As palavras dos outros

(…) Ora tudo isto é só para dizer que de vez em quando os papéis invertem­‑se. Agora somos minoria, e vocês o Ancien Regime. Agora vocês têm os media, nós só temos os blogues (ah, mas temo-los, e vamos usá-los!...). Vocês têm as palavras incendiárias, nós temos a moderação. (…)

"O referendo Louçã" - Jorge Lima no Blogue do não

O não de Cavaco Silva

Cavaco tem razão. Os princípios são princípios. A admissão da pena de morte como forma de justiça é uma barbaridade à qual o homem civilizado não pode ceder sob qualquer argumentação política ou pressão popular. Ser contra a pena de morte, para mim, separa os povos civilizados da barbárie. Por mais odioso e abjecto que seja o condenado. Nem sempre a coerência com os princípios dá votos, eu sei. E até poderão existir intrincados e prementes argumentos a favor da aplicação da pena, em casos “especiais” e “limite”. Mas para mim, definitivamente, não compete ao homem (instituição, estado) destinar a vida ou a morte de outro homem. As afirmações de Cavaco Silva são portanto totalmente coerentes e expectáveis.
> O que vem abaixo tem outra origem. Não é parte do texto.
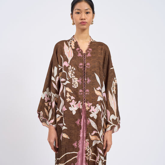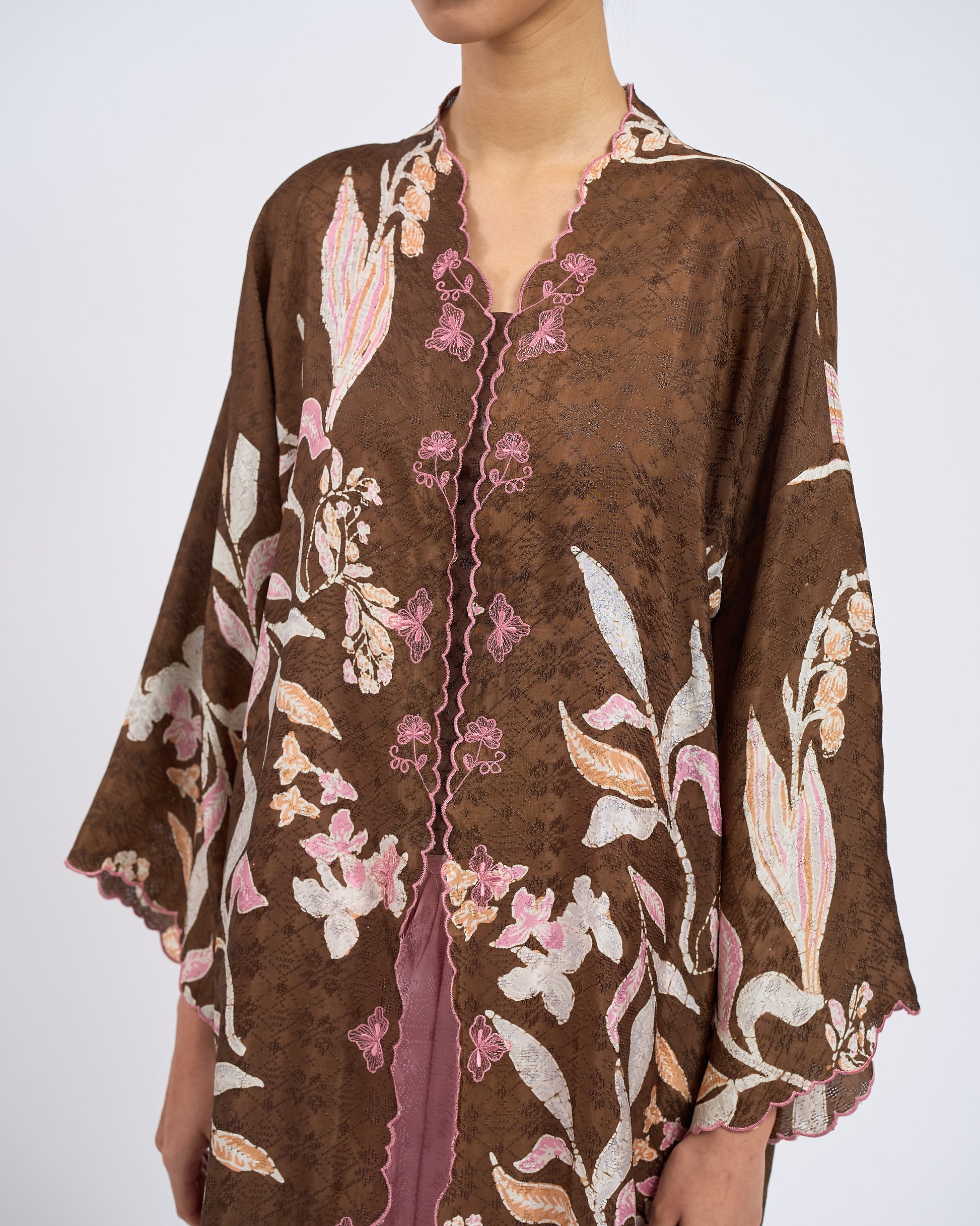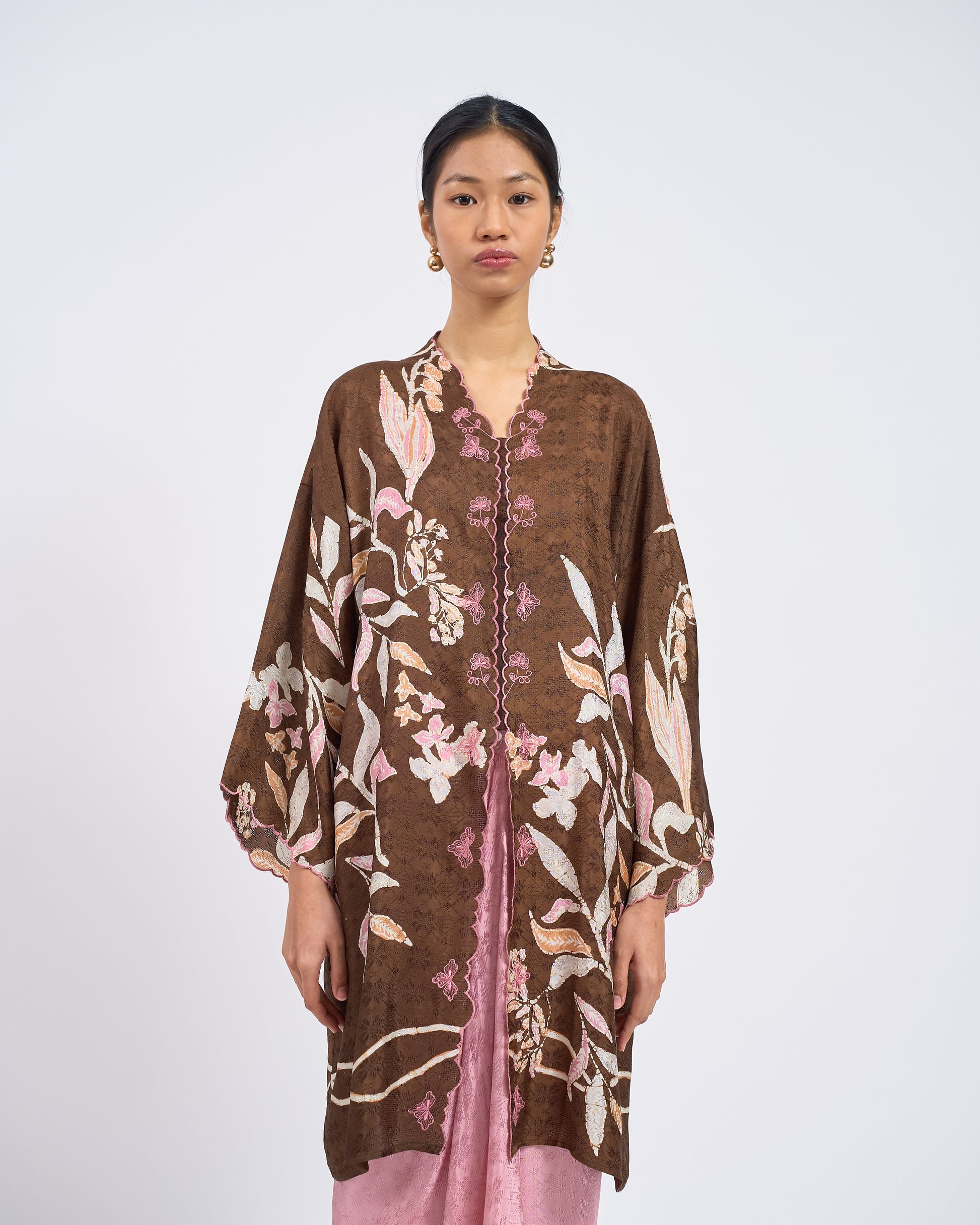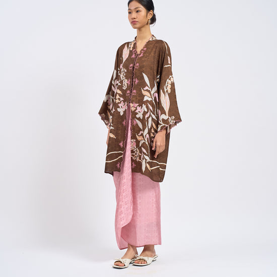 KHADEEJA is a modern kebaya labuh inspired by traditional kebarung silhouettes. Featuring drop shoulders, a straight cut and front snap fastening, it’s made for women who love structure with ease.

PS: Era uma coisa deste género que o JPH devia ter escrito em vez da rasca traulitada que postou na sua glória fácil.

Janelas

Interrompo o trabalho no computador, levanto-me, espreguiço-me, e passando pela janela olho a praceta enlameada lá em baixo. Cruzo o olhar com o homem do bar vizinho que apanha umas folhas molhadas da esplanada. Intimidados, cada um recolhe “à sua vida”.
A Carolina, na janela da cozinha, sentada sobre o cesto da roupa suja, desvia a cortina e aí fica a ver o movimento da rua, as cores dos carros, a Marta que volta tarde da escola. A chuva copiosa que cai. Com sorte, ainda apanhará a mãe a chegar do trabalho.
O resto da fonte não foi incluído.